Purging data from Master and 5 child tables

  • Mac1986 (7/5/2014)


    Point taken. My plan is to drop all the Non Clustered indexes in all 6 tables and only add them in case by case basis.

    Can you possibly give scripts needed for partition function and partition schema for all 6 tables so that i can start the further testing.

    Sample table with TimeStarted as Partitioned key.

    dbo.ConnectionSample with SampleID as Partitioned key

    ConnectionDB with ConnectionSampleID as Partitioned key

    ConnectionSS with ConnectionSampleID as Partitioned key

    ConnectionRT with ConnectionSampleID as Partitioned key

    Command with ConnectionSampleID as Partitioned key

    To be honest and with absolutely no malice in my heart when I say this, you're the one that will need to support all of this in the future. The best way to do this is for you to study the subject well enough to do it on your own and then do it.

    --Jeff Moden


    RBAR is pronounced "ree-bar" and is a "Modenism" for Row-By-Agonizing-Row.
    First step towards the paradigm shift of writing Set Based code:
    ________Stop thinking about what you want to do to a ROW... think, instead, of what you want to do to a COLUMN.

    Change is inevitable... Change for the better is not.


    Helpful Links:
    How to post code problems
    How to Post Performance Problems
    Create a Tally Function (fnTally)

  • Jeff Moden (7/6/2014)


    Mac1986 (7/5/2014)


    Point taken. My plan is to drop all the Non Clustered indexes in all 6 tables and only add them in case by case basis.

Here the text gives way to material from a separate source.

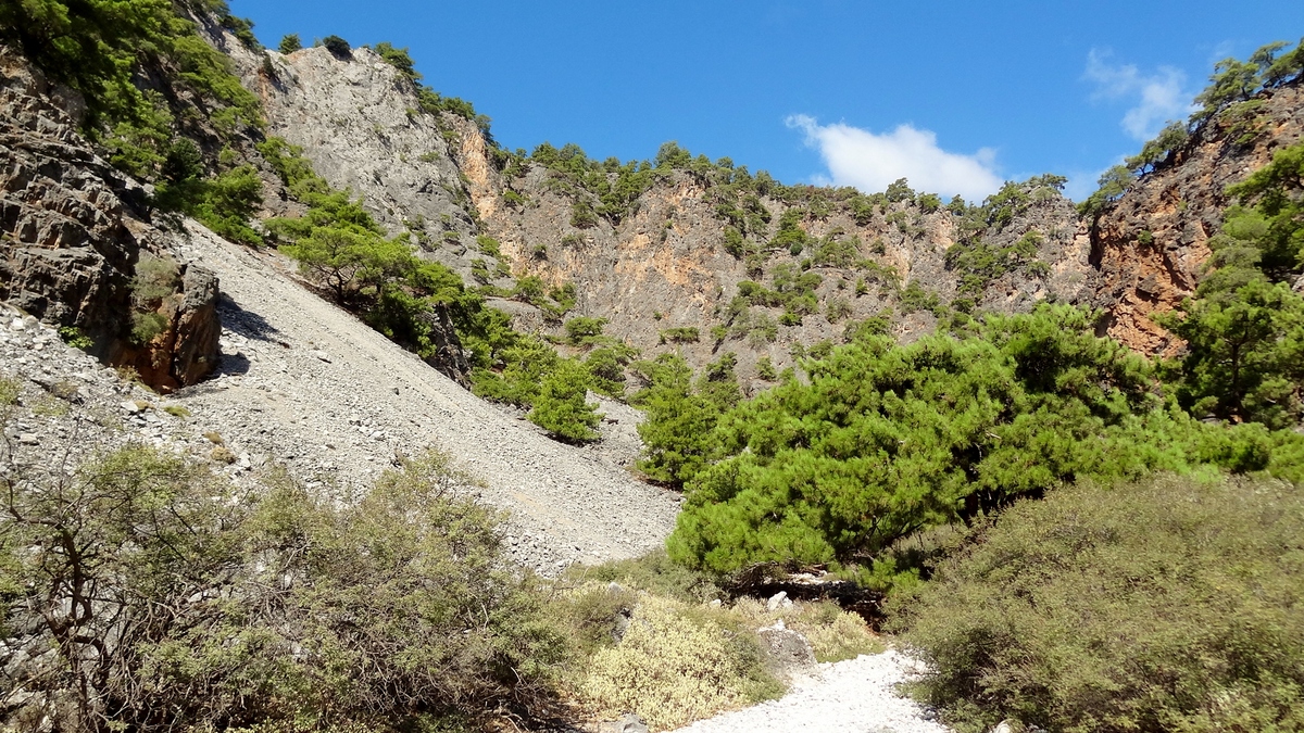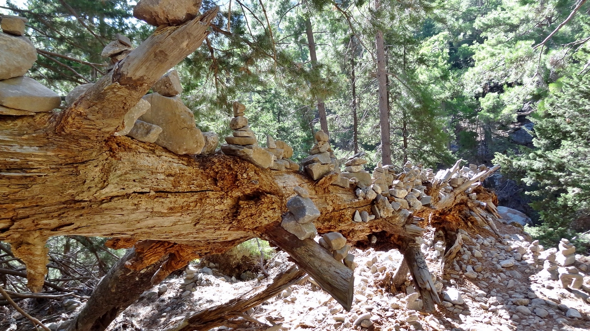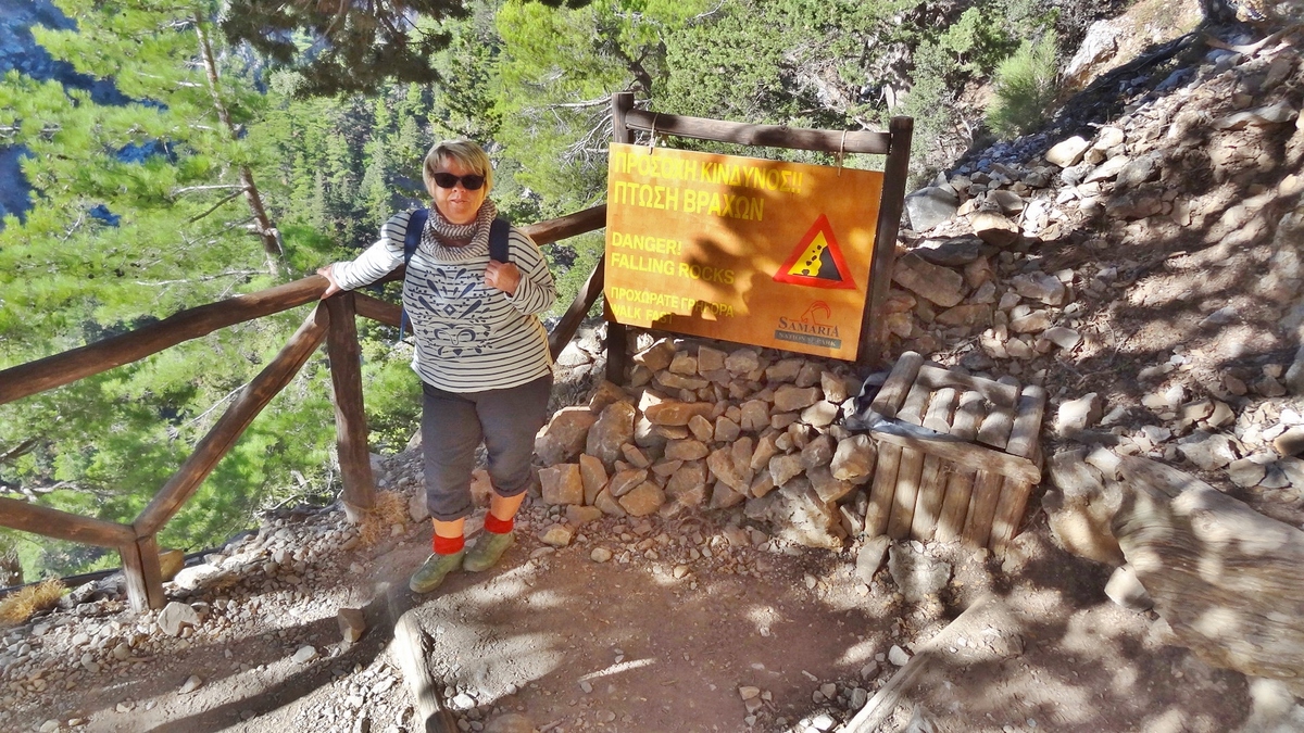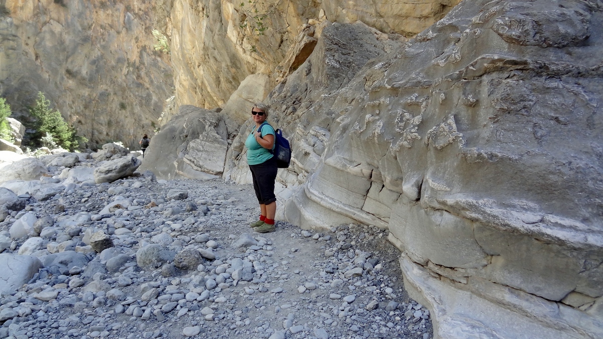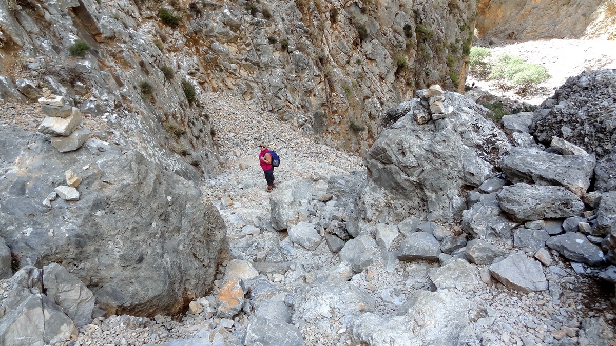 | Zu unchristlicher Uhrzeit um 05:00 Uhr klingelt unser Wecker. Leider muss es so früh sein, da heute es strammes Tagesprogramm auf uns wartet. Nach einem kurzen Frühstück werden wir um 06:00 Uhr vor unserer Unterkunft abgeholt. Unser heutiges Ziel haben wir schon lange im Visier - die Samaria-Schlucht. Um zum Ausgangspunkt der Tour bei Omalos zu gelangen, fahren wir 02:45 h. Bevor es in die Schlucht hinunter geht, machen wir noch eine kurze Pause in einer Taverne zum Frühstück. Am Eingang bei Omalos starten wir die Xyloskalo (griech. für hölzerne Treppe) hinunter, welche sich aber aktuell als steingepflasterter Weg erweist. Leider ist man in dieser grandiosen Natur nicht allein und gerade am Start reihen sich die Wanderer wie Perlen auf einer Kette auf. Leider sind neben wirklichen Wanderfreunden auch eine Vielzahl von speziellen Wanderern unterwegs, die man an ihrem AI-Bändchen, der Louis Vuitton-Tasche und Flip Flops erkennt. Zuerst führt der Weg recht steil bergab, um dann moderater abwärts zu führen. Verlaufen kann man sich praktisch nicht, da es nur den einen Weg gibt, wo man wie schon erwähnt, gut in Gesellschaft ist. Im oberen Bereich führt der Weg durch lichten Kiefernwald und die Szenerie erinnert uns schon sehr an die Caldera de Taburiente auf der Kanareninsel La Palma. Um pünktlich an der Fähre in Agia Roumeli zu sein, muss man ca. 13:30 Uhr den verlassenen Weiler Samaria verlassen haben. Nach Samaria steigt man in die eigentliche Schlucht ein. Die Wände werden immer enger und das Flussbett wird unser Weg. Dann erreichen wir am Ende die markante Engstelle - die eiserne Pforte - wo die Breite der Schlucht nur drei Meter beträgt. Kurze Zeit später erreicht man dann den südlichen Check Point. Von hier ist es auf einer benonierten Piste nur noch ein kurzes Stück nach Agia Roumeli, wo die Fähre nach Chora Sfakion schon auf uns wartet. Bevor es auf die Fähre geht, nutzen wir die Gelegenheit für ein erfrischendes Bad im Meer. Anschließend muss es nach dem langen Weg natürlich noch ein kühles Bier in der Taverne "Paralia" sein. Dann geht es auf das Fährboot, welches uns via Loutro nach Chora Sfakion bringt, wo bereits der Bus auf uns wartet. Der Bus fährt in ambitionierter Weise durch die kleinen und engen Bergdörfer zurück nach Plakias. Besonders eng wird es in Sellia, wo ein Auto erst von mehreren Einwohnern zur Seite getragen wird, bevor sich der Bus durch die engen Gassen weiter vorarbeiten kann. Dann erreichen wir endlich Plakias und nach einer Dusche kommen wir noch zu unserem verdienten Abendessen. | |

    Can you possibly give scripts needed for partition function and partition schema for all 6 tables so that i can start the further testing.

    Sample table with TimeStarted as Partitioned key.

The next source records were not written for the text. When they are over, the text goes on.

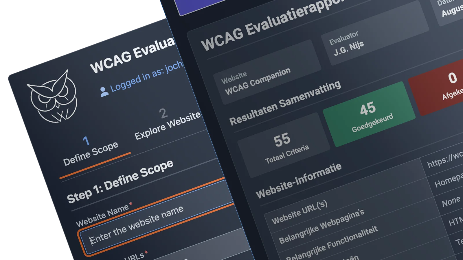 Core requirements: Comprehensive WCAG evaluation documentation, multi-format report generation, EU compliance features, and professional-grade interface design.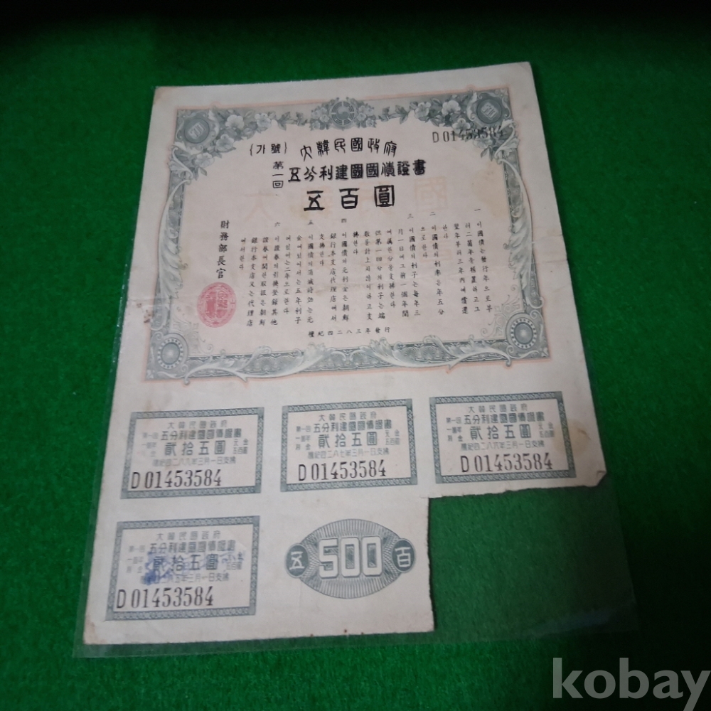 대한민국 1950년 건국채권 1회500원 사용제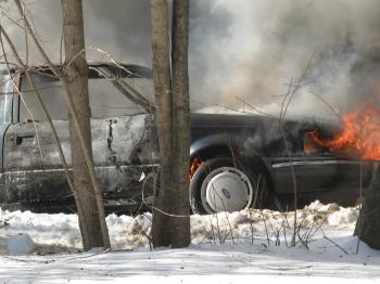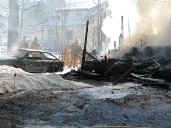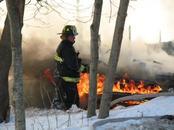 A firefighter walks by the burning remains of a car at the scene of a house fire on Orchard Street in Windham Monday afternoon.

    dbo.ConnectionSample with SampleID as Partitioned key

    ConnectionDB with ConnectionSampleID as Partitioned key

    ConnectionSS with ConnectionSampleID as Partitioned key

    ConnectionRT with ConnectionSampleID as Partitioned key

    Command with ConnectionSampleID as Partitioned key

    To be honest and with absolutely no malice in my heart when I say this, you're the one that will need to support all of this in the future. The best way to do this is for you to study the subject well enough to do it on your own and then do it.

    But also, if you have questions or run into a temporary roadblock you can always come back here and ask questions.

  • Thanks Lynn. I've created partitions to the table table in the way i wanted. I've create hourly partitions on the table. Now I'm thinking to use switch partition to move the data older than 8 days to another table and just truncate the cleanup table.

    For the existing table, i will use SPLIT to create new partitions once a day. I understand that to do this i need exclusive lock on the table for a short period of time so i will be turning off the service run the split partition script and SWITCH Partition script and then turn back on the services. This i'm planning to do once a day to keep the latency minimal.

    My next step, write below store procs

    1) To dynamically decide which partitions to switch and perform the SWITCH Partition Operation accordingly

    2) To dynamically decide what should be new 24 partitions for the next day.The new partitions will be create for getdate() + 2. Meaning, today is 2014-07-06. I will create 24 partitions for 2014-07-08.

    All the above things needs to be calculated dynamically. this is what i'm thinking. Hope all this works out. FYI above things is only for the Master table Sample. For the tables that do not have Datetime column, i will perform the same activity but using BIGINT columns.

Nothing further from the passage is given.